In the present invention, unless otherwise expressly stated or limited, the first feature "on" or "under" the second feature may be directly contacting the first and second features or indirectly contacting the first and second features through an intermediate. Also, a first feature "on," "over," and "above" a second feature may be directly or diagonally above the second feature, or may simply indicate that the first feature is at a higher level than the second feature. A first feature being "under," "below," and "beneath" a second feature may be directly under or obliquely under the first feature, or may simply mean that the first feature is at a lesser elevation than the second feature.

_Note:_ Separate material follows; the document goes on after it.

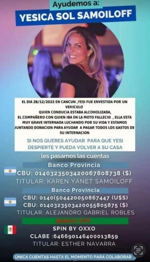 En la noche del 28 de diciembre una chica de 14 años que manejaba un auto de alta gama por las calles de Cancún embistió una motocicleta en la que circulaban un jóven mexicano y una argentina de 33 años. El chico falleció en el instante y Yésica Sol Samoiloff, se encuentra internada en coma inducido.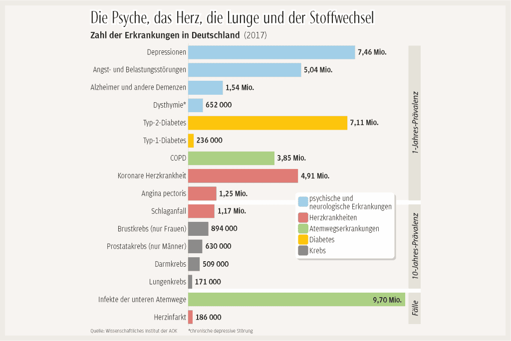 Grippe, Bronchitis, Lungenentzündung: Fast zehn Millionen Mal pro Jahr suchen Patienten in Deutschland wegen dieser und anderer Erkrankungen der unteren Atemwege die Hilfe beim Arzt – und damit so oft wie bei keiner anderen Krankheit. Das geht aus einer neuen Studie des Wissenschaftlichen Instituts der AOK (WIdO) hervor. Für die Analyse, bei der Covid-19 noch keine Rolle spielt, wurden für 18 verbreitete Erkrankungen die Abrechnungsdaten aller 27 Millionen AOK-Versicherten auf die gesamte Bevölkerung hochgerechnet und bis auf Regionen aufgeschlüsselt.

Although embodiments of the present invention have been shown and described above, it is understood that the above embodiments are exemplary and should not be construed as limiting the present invention, and that variations, modifications, substitutions and alterations can be made to the above embodiments by those of ordinary skill in the art within the scope of the present invention.

Claims (10)

1. A vehicle driving behavior processing method characterized by comprising the steps of:
acquiring driving data of a vehicle, wherein the driving data comprises vehicle identification information and ID information of a current driver;
the driving data are sent to a blockchain system, so that any node in the blockchain system can receive the driving data and broadcast the driving data;
inputting the driving data into a pre-established driving behavior analysis model so as to generate a driving behavior score of the current driver according to the ID information of the current driver and the vehicle identification information;
broadcasting the driving behavior score of the current driver in the blockchain system so that any node in the blockchain system can generate an incentive result according to the driving behavior score of the current driver, and distributing the incentive result to an account of the current driver after broadcasting the incentive result.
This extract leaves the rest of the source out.